§ Exercise directions
In the records below, find the line with "Turuncu simli elbise", then retype it and every following line exactly, stopping after the line with "El precio del". Leave the pictures out.

*** Opening of Material for the task ***

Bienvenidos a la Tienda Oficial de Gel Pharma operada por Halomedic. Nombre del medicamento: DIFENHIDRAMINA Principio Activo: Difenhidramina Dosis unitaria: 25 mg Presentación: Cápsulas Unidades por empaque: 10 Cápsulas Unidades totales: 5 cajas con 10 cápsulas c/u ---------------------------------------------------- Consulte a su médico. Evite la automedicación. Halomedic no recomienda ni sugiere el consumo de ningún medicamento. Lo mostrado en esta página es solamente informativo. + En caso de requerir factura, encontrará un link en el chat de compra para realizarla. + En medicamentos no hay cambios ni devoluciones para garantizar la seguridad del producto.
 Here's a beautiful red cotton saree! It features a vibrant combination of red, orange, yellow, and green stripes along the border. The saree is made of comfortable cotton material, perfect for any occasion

*** Close of Material for the task ***
*** Opening of Material for the task ***

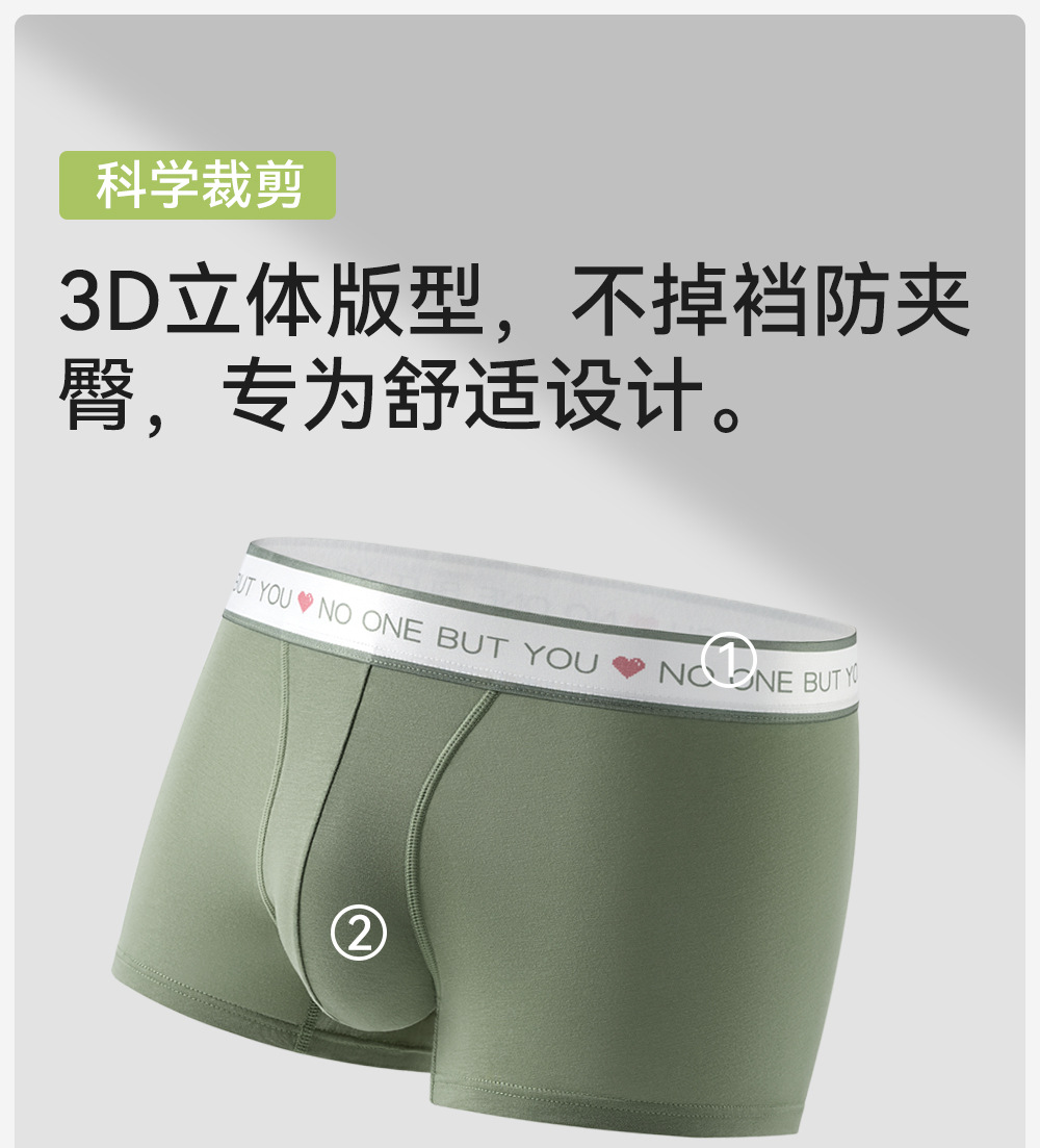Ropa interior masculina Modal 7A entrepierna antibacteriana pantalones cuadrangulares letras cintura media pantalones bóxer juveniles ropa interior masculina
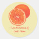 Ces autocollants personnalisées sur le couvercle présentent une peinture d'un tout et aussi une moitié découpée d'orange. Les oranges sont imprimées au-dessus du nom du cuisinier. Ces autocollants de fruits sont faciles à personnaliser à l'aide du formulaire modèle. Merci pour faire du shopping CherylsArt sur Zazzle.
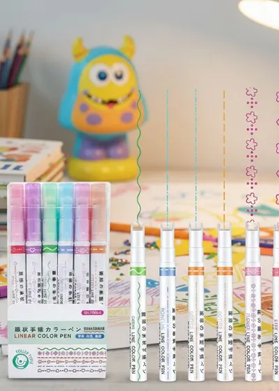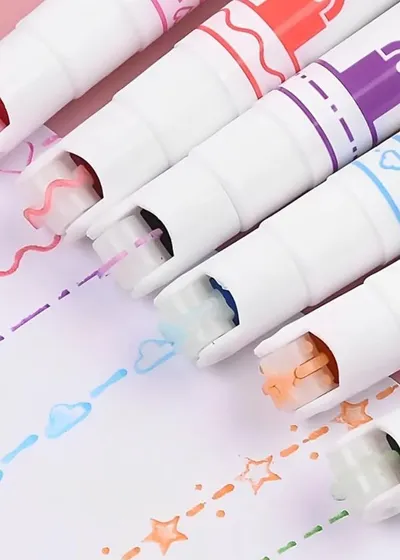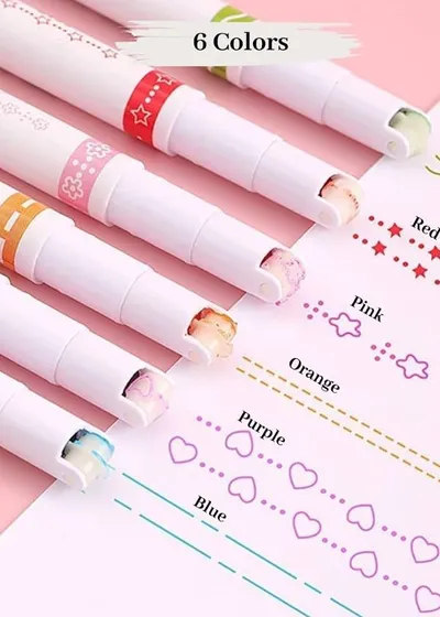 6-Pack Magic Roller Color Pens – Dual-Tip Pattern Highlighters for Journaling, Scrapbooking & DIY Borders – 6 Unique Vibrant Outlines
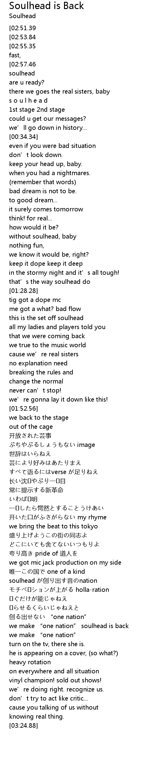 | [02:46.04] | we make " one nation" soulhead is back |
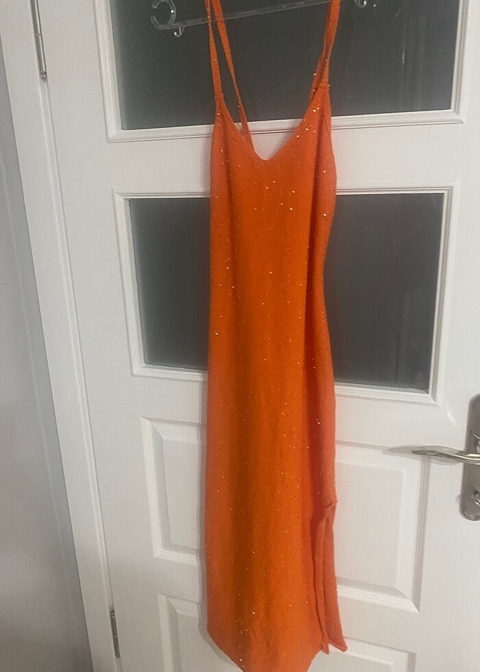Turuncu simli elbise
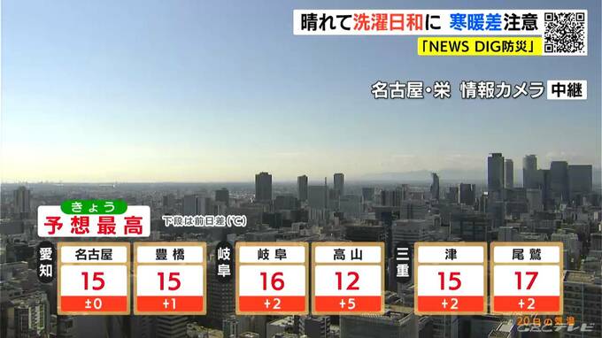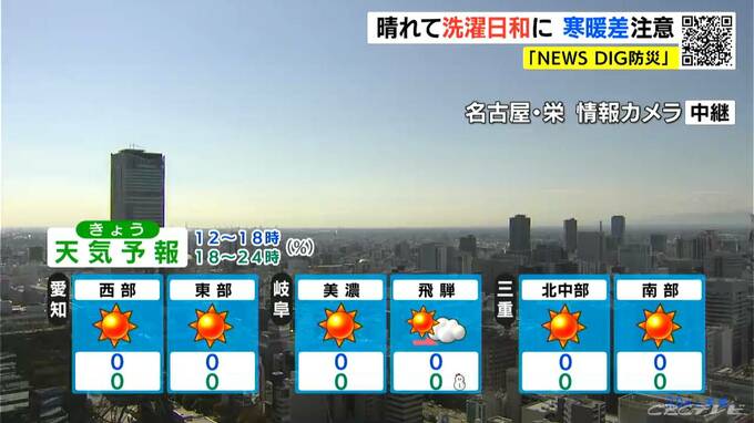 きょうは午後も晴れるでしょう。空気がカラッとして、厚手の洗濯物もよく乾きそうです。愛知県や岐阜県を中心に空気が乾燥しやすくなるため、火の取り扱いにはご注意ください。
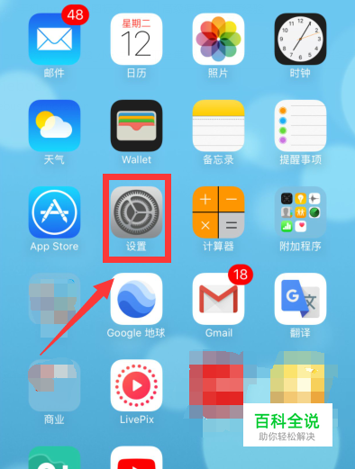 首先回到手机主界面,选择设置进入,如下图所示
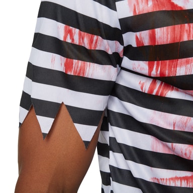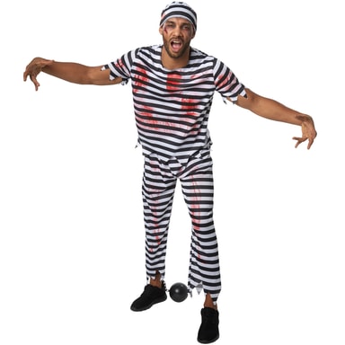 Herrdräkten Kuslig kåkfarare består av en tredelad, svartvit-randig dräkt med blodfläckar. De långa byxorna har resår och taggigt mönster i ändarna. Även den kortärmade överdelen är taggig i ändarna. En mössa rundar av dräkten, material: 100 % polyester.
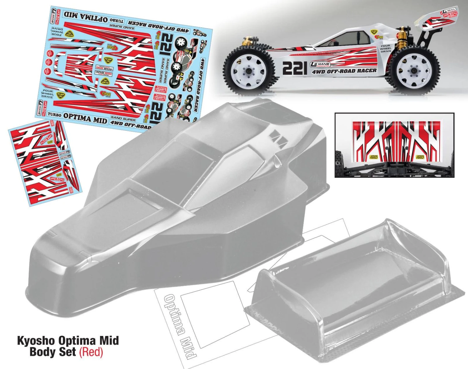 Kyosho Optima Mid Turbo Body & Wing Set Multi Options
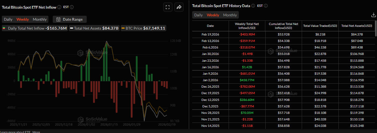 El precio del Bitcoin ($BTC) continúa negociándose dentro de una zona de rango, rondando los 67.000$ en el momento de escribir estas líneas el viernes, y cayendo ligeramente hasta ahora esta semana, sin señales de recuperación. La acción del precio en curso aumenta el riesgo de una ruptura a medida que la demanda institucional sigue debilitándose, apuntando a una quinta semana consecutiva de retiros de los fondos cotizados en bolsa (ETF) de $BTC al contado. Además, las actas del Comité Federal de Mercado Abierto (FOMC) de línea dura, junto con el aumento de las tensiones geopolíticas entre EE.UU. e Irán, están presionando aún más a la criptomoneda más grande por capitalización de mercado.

*** Close of Material for the task ***
*** Opening of Material for the task ***

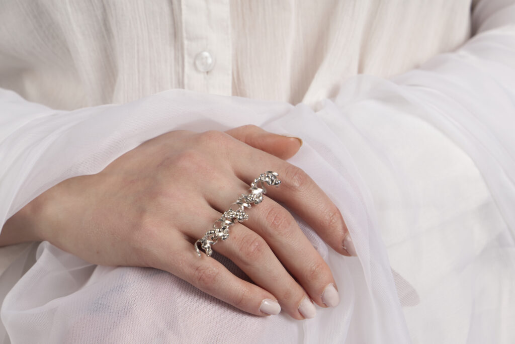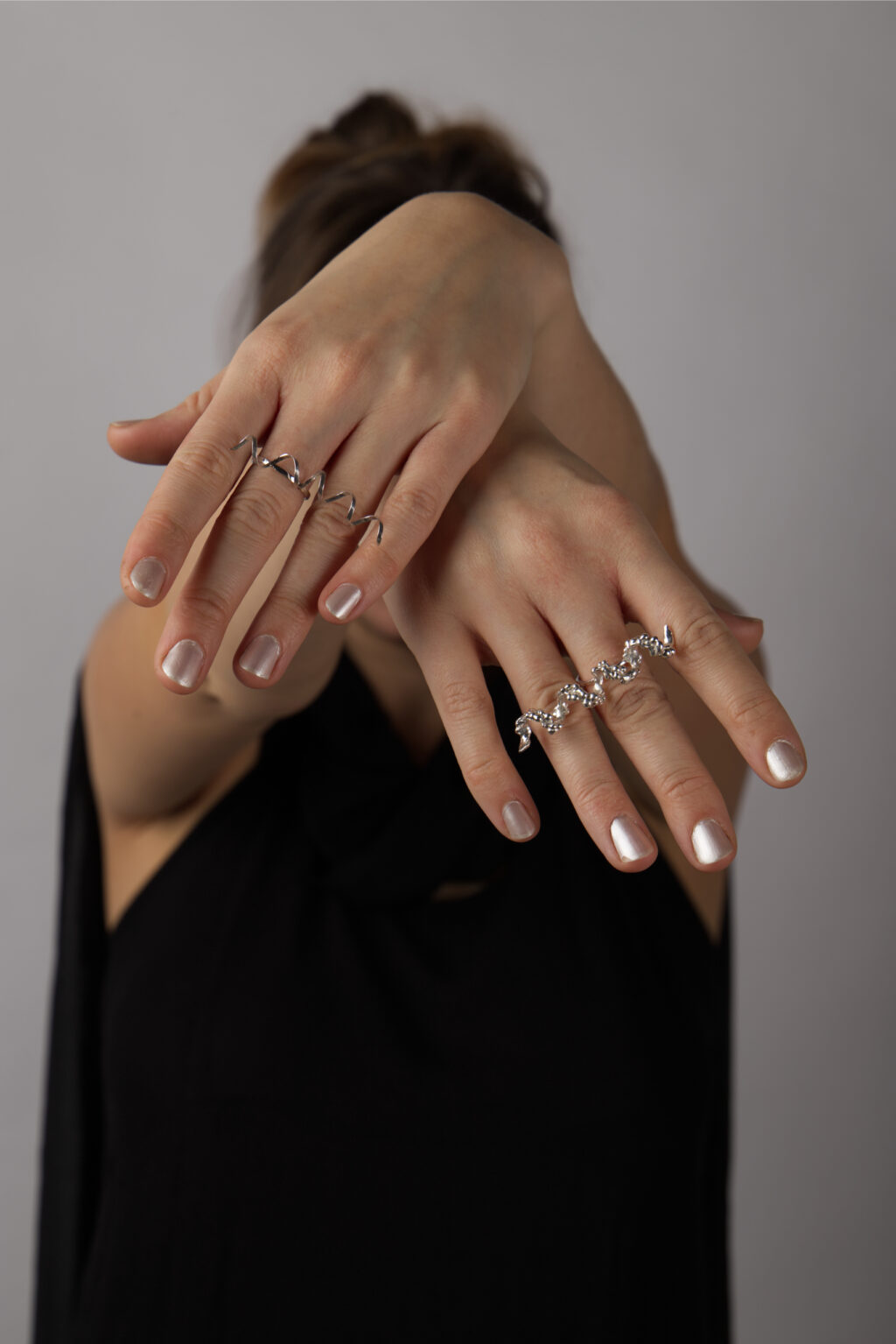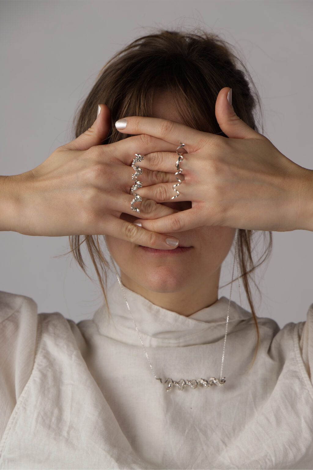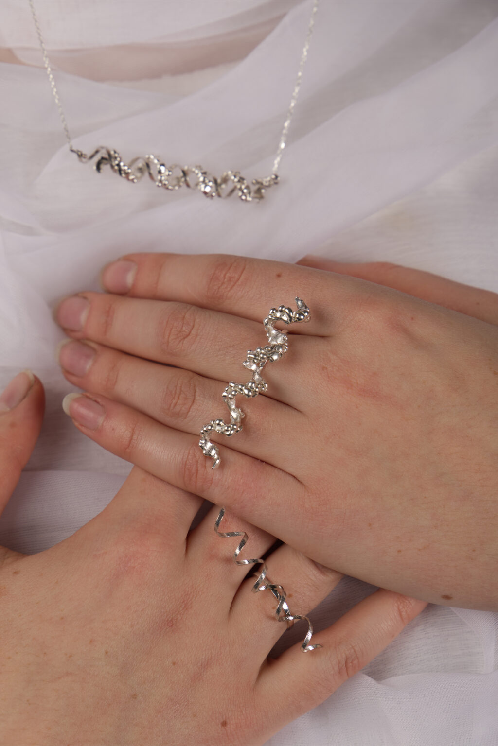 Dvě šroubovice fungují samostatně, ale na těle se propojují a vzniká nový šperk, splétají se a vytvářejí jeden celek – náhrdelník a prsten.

*** Close of Material for the task ***

§ Result of the exercise
Turuncu simli elbise
 きょうは午後も晴れるでしょう。空気がカラッとして、厚手の洗濯物もよく乾きそうです。愛知県や岐阜県を中心に空気が乾燥しやすくなるため、火の取り扱いにはご注意ください。
 首先回到手机主界面,选择设置进入,如下图所示
 Herrdräkten Kuslig kåkfarare består av en tredelad, svartvit-randig dräkt med blodfläckar. De långa byxorna har resår och taggigt mönster i ändarna. Även den kortärmade överdelen är taggig i ändarna. En mössa rundar av dräkten, material: 100 % polyester.
 Kyosho Optima Mid Turbo Body & Wing Set Multi Options
 El precio del Bitcoin ($BTC) continúa negociándose dentro de una zona de rango, rondando los 67.000$ en el momento de escribir estas líneas el viernes, y cayendo ligeramente hasta ahora esta semana, sin señales de recuperación. La acción del precio en curso aumenta el riesgo de una ruptura a medida que la demanda institucional sigue debilitándose, apuntando a una quinta semana consecutiva de retiros de los fondos cotizados en bolsa (ETF) de $BTC al contado. Además, las actas del Comité Federal de Mercado Abierto (FOMC) de línea dura, junto con el aumento de las tensiones geopolíticas entre EE.UU. e Irán, están presionando aún más a la criptomoneda más grande por capitalización de mercado.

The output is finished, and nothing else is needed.